(Exercise): In the entries below, find the line with "Stubište za kat, na" and the line with "iOS/馥梦繁花/V9-1典". Repeat exactly everything between them, those two lines included, but not the pictures.

(Input for this task):

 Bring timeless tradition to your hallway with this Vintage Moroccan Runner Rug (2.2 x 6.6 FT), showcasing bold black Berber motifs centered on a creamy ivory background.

==

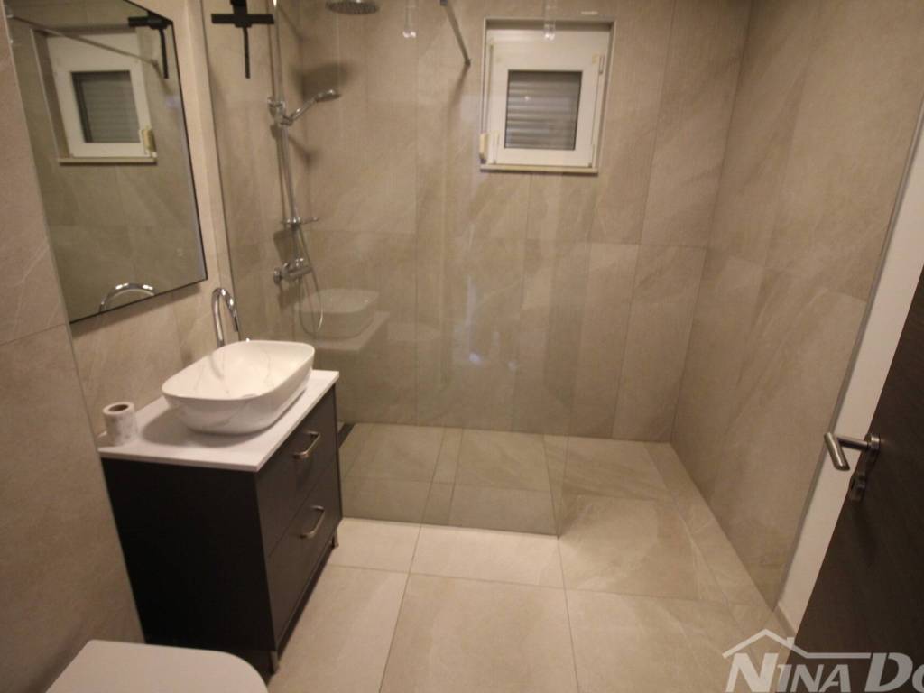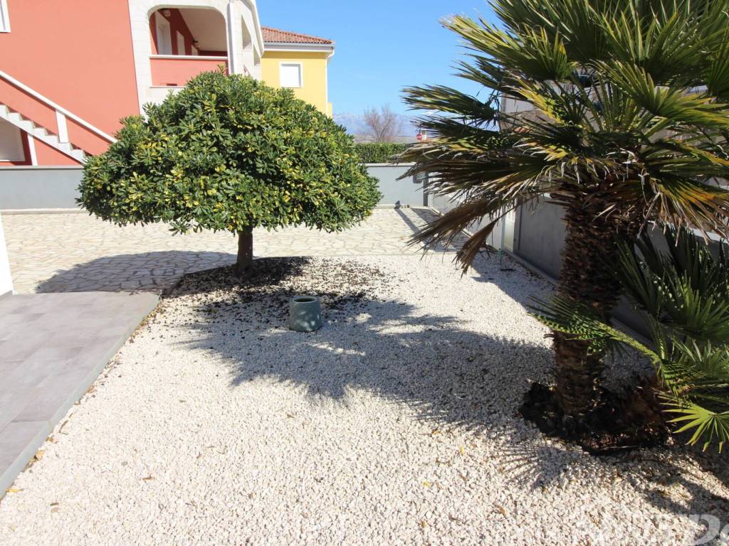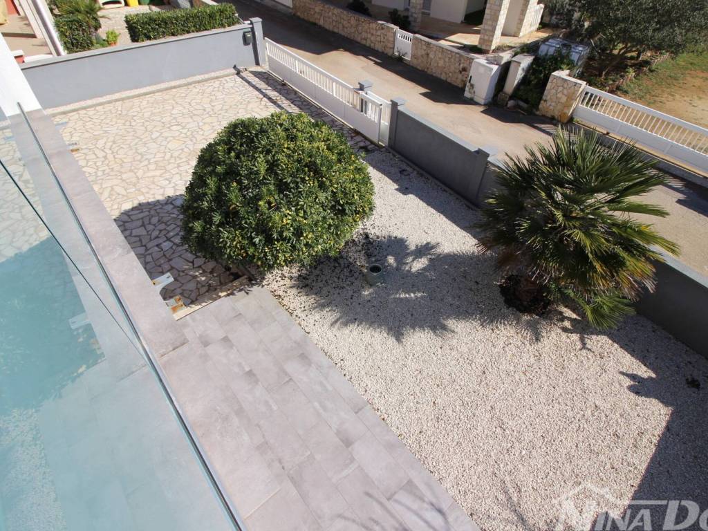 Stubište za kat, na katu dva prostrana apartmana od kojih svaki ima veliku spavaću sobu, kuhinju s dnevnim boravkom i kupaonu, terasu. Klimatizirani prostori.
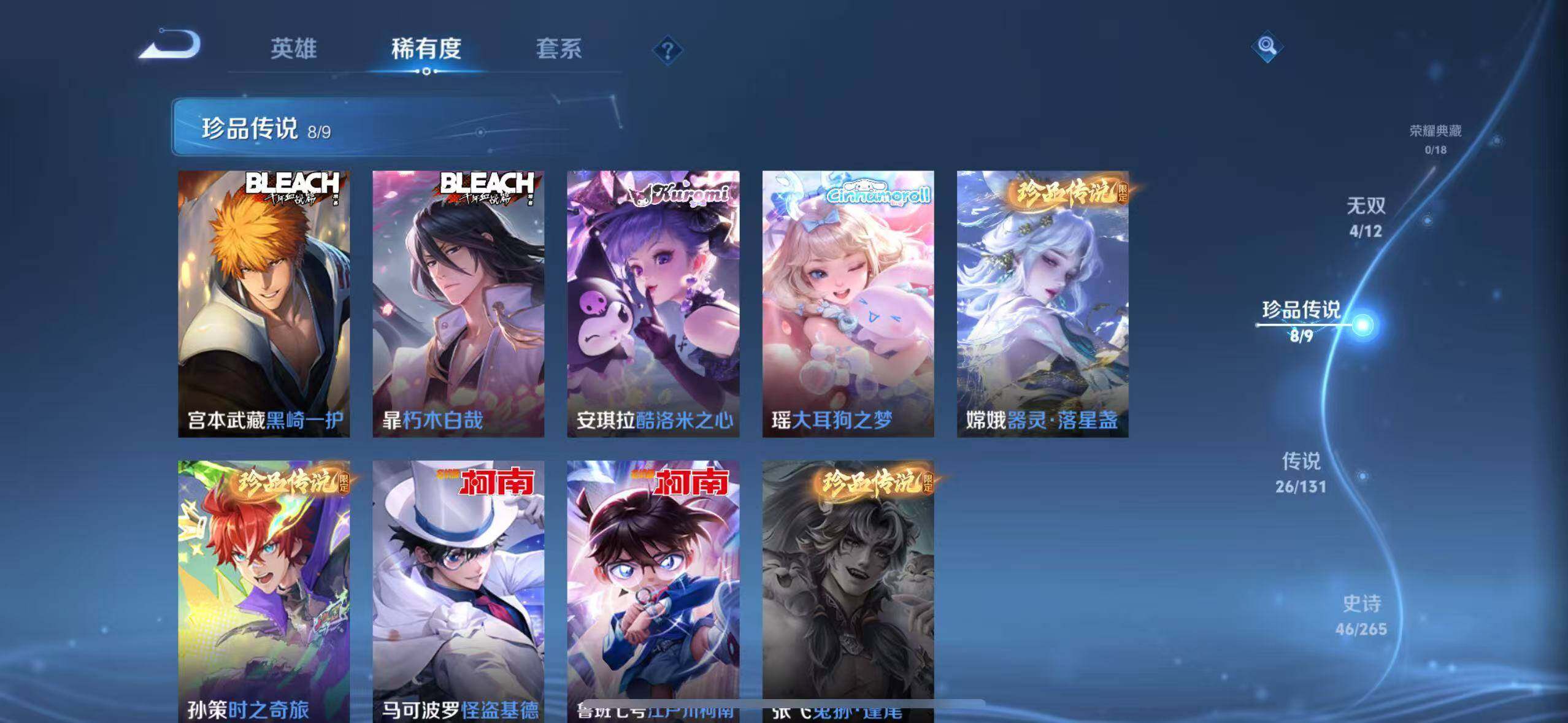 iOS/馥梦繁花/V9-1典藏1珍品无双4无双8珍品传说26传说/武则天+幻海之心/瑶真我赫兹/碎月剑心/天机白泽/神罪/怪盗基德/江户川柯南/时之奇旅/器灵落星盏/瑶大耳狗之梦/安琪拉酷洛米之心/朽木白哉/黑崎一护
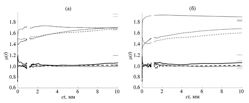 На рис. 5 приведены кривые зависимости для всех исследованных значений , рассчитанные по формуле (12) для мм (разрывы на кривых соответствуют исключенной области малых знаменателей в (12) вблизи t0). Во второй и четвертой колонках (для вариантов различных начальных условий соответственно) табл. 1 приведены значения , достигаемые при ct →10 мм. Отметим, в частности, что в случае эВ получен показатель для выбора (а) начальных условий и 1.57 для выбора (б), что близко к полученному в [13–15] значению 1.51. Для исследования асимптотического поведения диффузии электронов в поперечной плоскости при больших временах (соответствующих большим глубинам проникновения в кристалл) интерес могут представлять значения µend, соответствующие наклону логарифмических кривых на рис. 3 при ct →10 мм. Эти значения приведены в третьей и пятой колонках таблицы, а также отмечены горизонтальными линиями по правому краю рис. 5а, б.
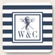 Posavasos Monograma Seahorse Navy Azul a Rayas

(Answer to this task):
 Stubište za kat, na katu dva prostrana apartmana od kojih svaki ima veliku spavaću sobu, kuhinju s dnevnim boravkom i kupaonu, terasu. Klimatizirani prostori.
 iOS/馥梦繁花/V9-1典藏1珍品无双4无双8珍品传说26传说/武则天+幻海之心/瑶真我赫兹/碎月剑心/天机白泽/神罪/怪盗基德/江户川柯南/时之奇旅/器灵落星盏/瑶大耳狗之梦/安琪拉酷洛米之心/朽木白哉/黑崎一护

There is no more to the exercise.